This repo contains code to transform Hillary's emails from raw PDF documents to a SQLite database.
This is a work in progress - any help normalizing and extracting this data's much appreciated!
There's two main files this produces, both in the output directory.
This file is ~20mb and currently contains the following fields:
- SourceMonth - month the email was released
- SourceFile - zip file containing the email PDF
- FromRaw - raw text of the extracted FROM address field
- ToRaw - raw text of the extracted TO address field
- CcRaw - raw text of the extracted CC address field
- DateSent - raw text of the extracted Date address field
- Subject - raw text of the extracted Subject
- CaseNumber - FOIA case number
- DocNumber - FOIA document number
- DateReleased - date the document was released
- ReleaseInPartOrFull - "RELEASE IN PART", "RELEASE IN FULL" or "UNKNOWN"

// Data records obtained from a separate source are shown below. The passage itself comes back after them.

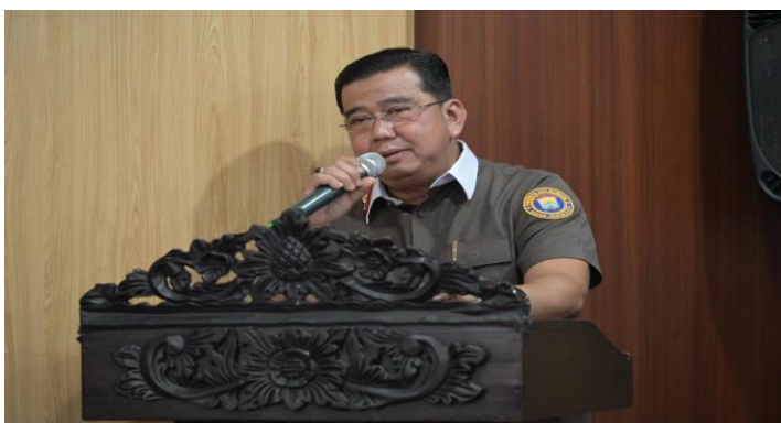
Gambar 3. Pemberian materi dari kepala dinas pariwisata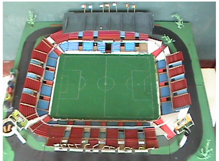
Estos son unos proyectos que fueron presentados por los alumnos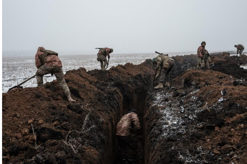
Ukrán katonák lövészárkot ásnek a donbaszi frontvonalon 2023. február 1-jén.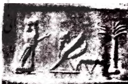
تصویر ۷. مهر استوانه‌ای دوره هخامنشی. مأخذ: صمدی، ۱۳۶۷: ۱۸۲.

شیر گریفین به دو صورت دیگر نیز یعنی «شیر گریفین شاخ‌دار» و «شیر گریفین شاخ‌دار با دم عقرب» در نقش برجسته‌های هخامنشی دیده می‌شود. شیر گریفین شاخ‌دار با دم عقرب بر روی درهای سه‌طرفه کاخ تچر هخامنشی و بر روی درهای چهار طرفه تالار صد ستون نقش بسته شده است. در این تصویر آنچه مظهر عناصر نامطلوب اهریمنی به شمار می‌رود مانند اندام زشت و دهشت‌آفرین وجود دارد. در این اثر موجود افسانه‌ای دم عقرب و پنجه‌هایی مانند عقاب و بدنی همانند بدن شیر اندامی چون گاو وحشی دارد (تصویر ۳).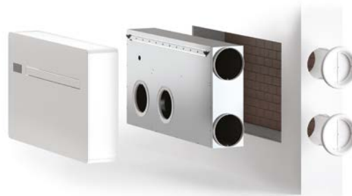
Soloclim muni d'un kit lateral.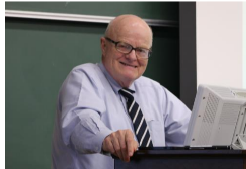
11/6(火)～11/8(木) カリフォルニア大学サンフランシスコ校教授 LAWRENCE M TIERNEY Jr.先生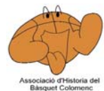
Associació d'Història del Bàsquet Colomenc

Els dies 28 i 30 de març, alumnes de 3r i 4t de primària de l'Escola Ausiàs March van participar al taller "Discapacitat i integració social", inclòs en el Programa d'activitats educatives de l'Ajuntament i organitzat per la Fundació Tallers. Els infants van treballar amb paper reciclat; persones amb discapacitat intel·lectual de la Fundació en feien de formadors. El resultat ha estat valorat com una gran experiència. La Fundació Tallers és una entitat que treballa per a la inserció sociolaboral de les persones amb discapacitat.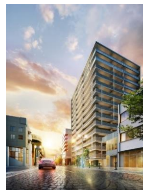
大手前通り沿いの外観イメージ

「サーパス高崎連雀町」は、高崎城正門に続く由緒ある「大手前通り」沿いに位置します。近隣には、老舗百貨店「スズラン百貨店」や、飲食店や美容院、ブティックなど多彩な店が軒を連ねる「大手前慈光通り商店街」など、商業店舗も充実しています。また本物件から約200m先にある高崎城址には、市役所や図書館、音楽ホールなどの文化施設、公園や学校などがあり、生活に必要な施設が身近に備わった住環境です。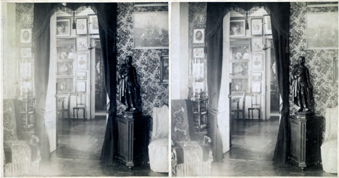
6. „Pokój bawialny” w domu Fedorowicza, Fototeka Instytutu Historii Sztuki UJ, sygn. OTPK41 Witebsk 005

6. „Living room” in Fedorowicz’s house, Photo Library of the Art History Institute of the Jagiellonian University, ref. OTPK41 Witebsk 005

- RawText - raw text extracted from the PDF via pdftotext
This ~20mb SQLite database contains the Emails table, with the corresponding fields from emails.csv.
Contributing: next steps
- Improve the From/To address extraction mechanisms
- Normalize various email address representations to people
- Create People.csv, From.csv, To.csv, Cc.csv tables
Running the download and extraction code
make all in the root directory will download the data (~162mb total) and create emails.csv as well as database.sqlite, assuming you have all the requirements installed.
- pdftotext (utility to transform a PDF document to text)
- GNU make